## TASK ITEM
Pictures do not belong in the copy. Return all of the entries exactly.

[Stored data entries]

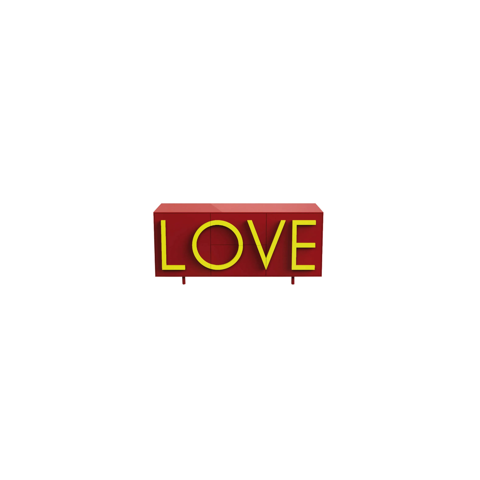 Una madia che parla d'amore; le lettere tridimensionali posizionate frontalmente diventano delle maniglie, disponibili in diversi colori.
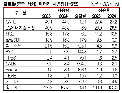 중국산 배터리는 중국을 제외한 글로벌 시장에서도 성장세를 이어가고 있다. 표, 그래프: <글로벌(중국 제외) 배터리 사용량(1-6월)> <화학저널 2024/08/09> |
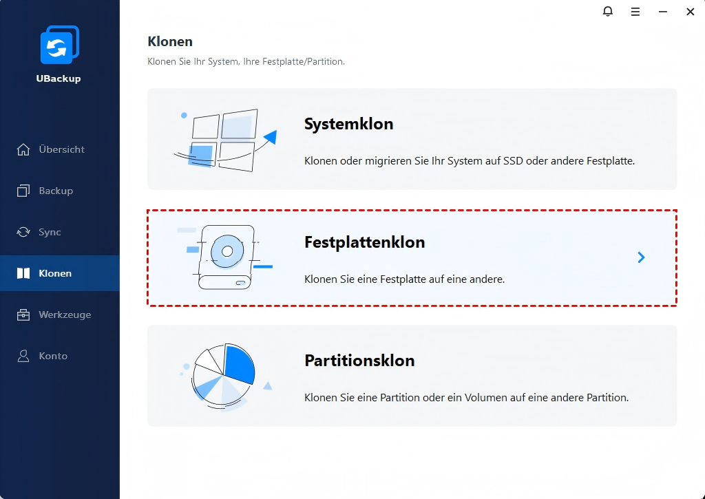 Schritt 1. Wenn Ihr Computer von der Startdiskette neu startet, werden Sie direkt in diese Software eingeloggt. Wählen Sie dann den Reiter Klonen und wählen Sie die Option Festplattenklon aus.
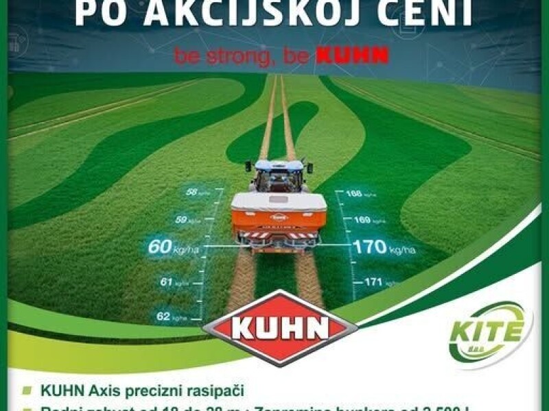 KUHN AXIS rasipači - akcijska cena do 15. februara. Obezbeđuju maksimalno precizno doziranje mineralnih đubriva po celoj površini parcele. Opremljeni ISOBUS prikjučkom, savršeno se agregatiraju sa istim takvim traktorima ostavljajući mogućnost rasturanja đubriva po celoj površini zemlje, ali i precizno doziranje one količine đubriva koja je na određenoj zoni parcele potrebna - varijabilno đubrenje.
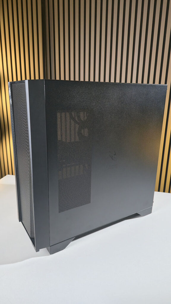 Bočna desna strana je od punog metala, međutim imamo perforaciju na mestu gde bi unutar kućišta mogli montirati 2x 120mm ventilatore što ukazuje na dodatne mogućnosti instalacije hladnjaka u cilju poboljšanja ventilacije unutar kućišta. Sa strane hardvera imamo naravno stranicu od kaljenog stakla i obe bočne strane se skidaju i postavljaju uz pomoć dva šrafa montirajući sa zadnje strane kućišta. Zadnja strana je poprilično perforirana, imamo klasičan ATX layout gde je napajanje namešteno u donjoj zoni i odvojenoj komori.
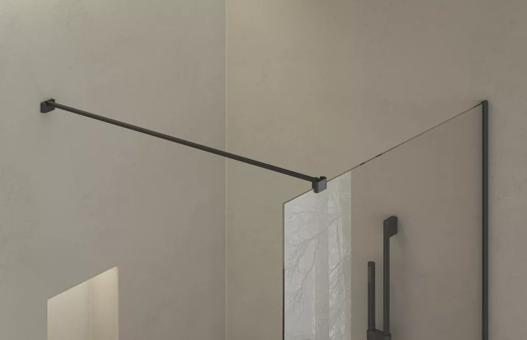 A Walk-In Air Wall zuhany 6 mm vastag edzett biztonsági üvegből és fém alkatrészekből készül. A termék stabilitását egy 120 cm hosszúságú merevítő biztosítja, amely a bejárat szükséges szélessége szerint tetszőlegesen rövidíthető.
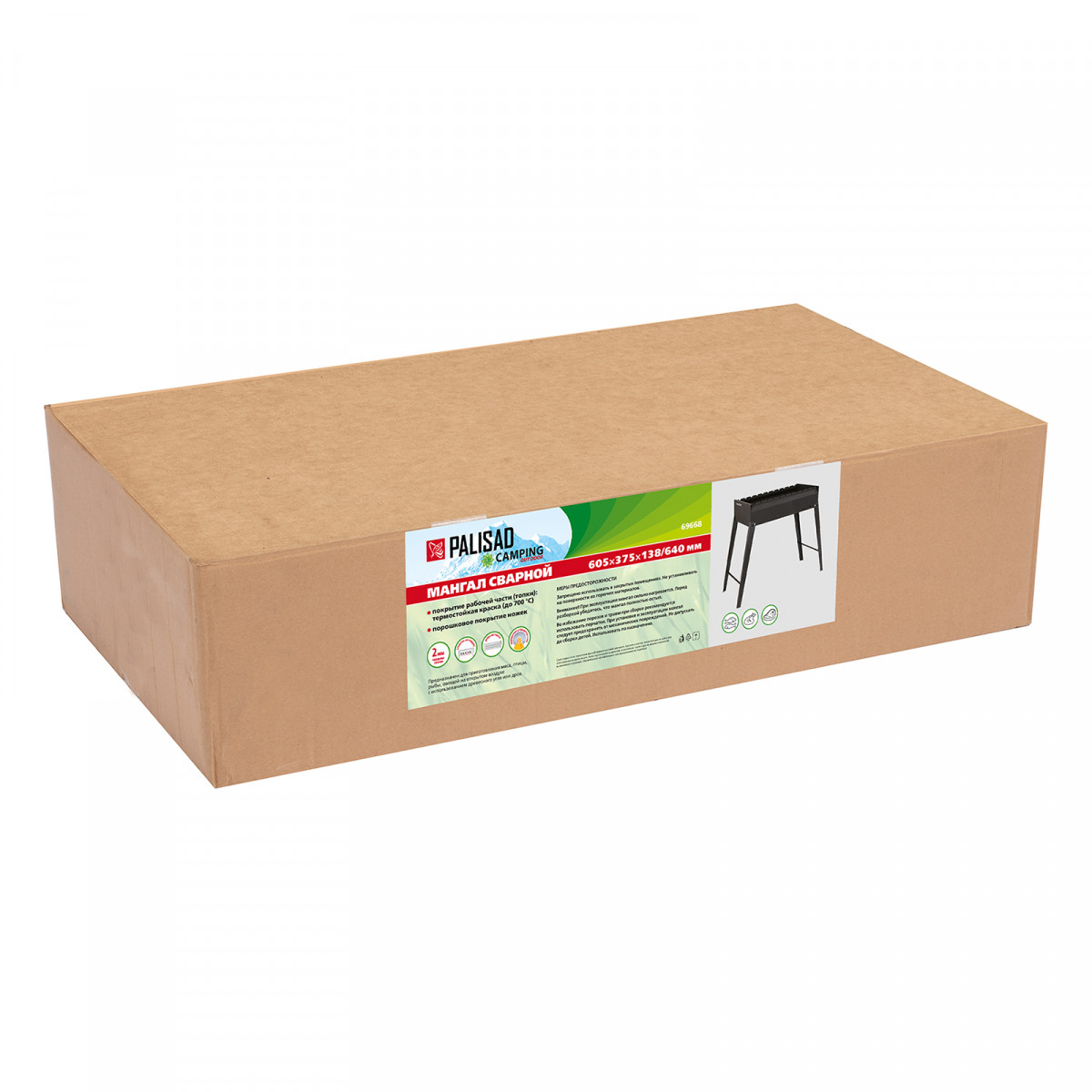 Мангал сварной, 605 х 375 х 138/640 мм, сталь 2 мм, Camping Palisad

## SOLUTION TO THIS EXERCISE
 Una madia che parla d'amore; le lettere tridimensionali posizionate frontalmente diventano delle maniglie, disponibili in diversi colori.
 중국산 배터리는 중국을 제외한 글로벌 시장에서도 성장세를 이어가고 있다. 표, 그래프: <글로벌(중국 제외) 배터리 사용량(1-6월)> <화학저널 2024/08/09> |
 Schritt 1. Wenn Ihr Computer von der Startdiskette neu startet, werden Sie direkt in diese Software eingeloggt. Wählen Sie dann den Reiter Klonen und wählen Sie die Option Festplattenklon aus.
 KUHN AXIS rasipači - akcijska cena do 15. februara. Obezbeđuju maksimalno precizno doziranje mineralnih đubriva po celoj površini parcele. Opremljeni ISOBUS prikjučkom, savršeno se agregatiraju sa istim takvim traktorima ostavljajući mogućnost rasturanja đubriva po celoj površini zemlje, ali i precizno doziranje one količine đubriva koja je na određenoj zoni parcele potrebna - varijabilno đubrenje.
 Bočna desna strana je od punog metala, međutim imamo perforaciju na mestu gde bi unutar kućišta mogli montirati 2x 120mm ventilatore što ukazuje na dodatne mogućnosti instalacije hladnjaka u cilju poboljšanja ventilacije unutar kućišta. Sa strane hardvera imamo naravno stranicu od kaljenog stakla i obe bočne strane se skidaju i postavljaju uz pomoć dva šrafa montirajući sa zadnje strane kućišta. Zadnja strana je poprilično perforirana, imamo klasičan ATX layout gde je napajanje namešteno u donjoj zoni i odvojenoj komori.
 A Walk-In Air Wall zuhany 6 mm vastag edzett biztonsági üvegből és fém alkatrészekből készül. A termék stabilitását egy 120 cm hosszúságú merevítő biztosítja, amely a bejárat szükséges szélessége szerint tetszőlegesen rövidíthető.
 Мангал сварной, 605 х 375 х 138/640 мм, сталь 2 мм, Camping Palisad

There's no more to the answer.